In our capacity as counsel to the Company, we have examined, among other
things, originals, or copies identified to our satisfaction as being true
copies, of the following:
(a) Sections titled "Risk Factors-Litigation," and "Business-Litigation,"
(the "Litigation Sections") of the Registration Statement on Form S-1 (File
No. 333-___) initially filed by the Company with the Securities and Exchange
Commission (the "Commission") on December __, 1996, for the purpose of
registering the sale of shares of the Company's common stock under the
Securities Act of 1933, as amended (the "Act"); and the final Prospectus in
the form filed with the Commission on ______ 1997, pursuant to Rule 424(b)[1]

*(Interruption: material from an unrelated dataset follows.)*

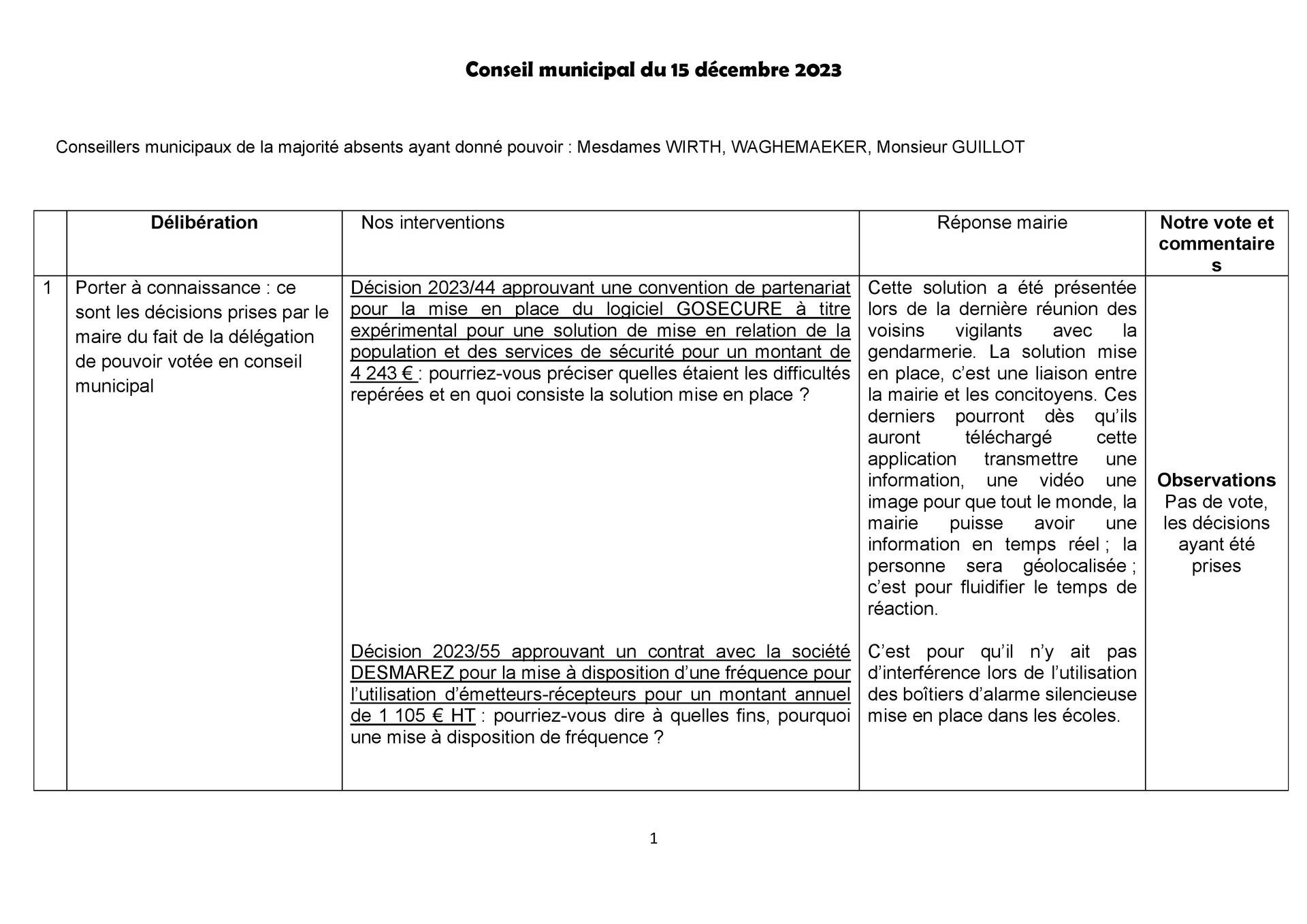 - la dépense d’un montant de 4 243 € pour la mise en place d’une convention pour une solution de mise en relation de la population avec les services de sécurité qui n’a comme seul intérêt que l’information de la mairie

or [4] under the Act. Such Registration Statement when it became effective
(including the information deemed to be part of the Registration Statement at
the time it became effective pursuant to Rule 430A of the Rules and
Regulations under the Act), is herein referred to as the "Registration
Statement," and such Prospectus in the form delivered for filing with the
Commission pursuant to Rule 424(b) is herein referred to as the "Prospectus";
(b) Documents relating to the Litigation, including review of the
circumstances of the Litigation with the Company; and
(c) Interviews with interested personnel at the Company regarding the
circumstances of the Litigation.
Although we have not independently verified and are not passing upon the
accuracy, completeness or fairness of the statements contained in the
Litigation Sections, no facts or other information has come to our attention
which lead us to believe that the Litigation Sections of the Registration
Statement, on the effective date of the Registration Statement, contained an
untrue statement of a material fact or omitted to state a material fact
required to be stated therein or necessary to make the statements contained
therein not misleading or that the Litigation Sections of the Prospectus, on
the date thereof or on the date hereof, contained or contains an untrue
statement of a material fact or omitted or omits to state a material fact
required to be stated therein or necessary to make the statements contained
therein, in light of the circumstances under which they were made, not
misleading (it being understood that we express no view with respect to any
other sections of the Registration Statement, the Prospectus, or any other
document).
The opinions expressed herein are limited to the laws of the State of
California and the federal laws of the United States, and we express no
opinion as to the effect on the matters covered by this letter of the laws of
any other jurisdiction.
The opinions expressed herein are rendered solely for your benefit in
connection with the transactions described herein. Those opinions may not be
used or relied upon by any other person, nor may this letter or any copies
thereof be furnished to a third party, filed with a governmental agency,
quoted, cited or otherwise referred to without our prior written consent.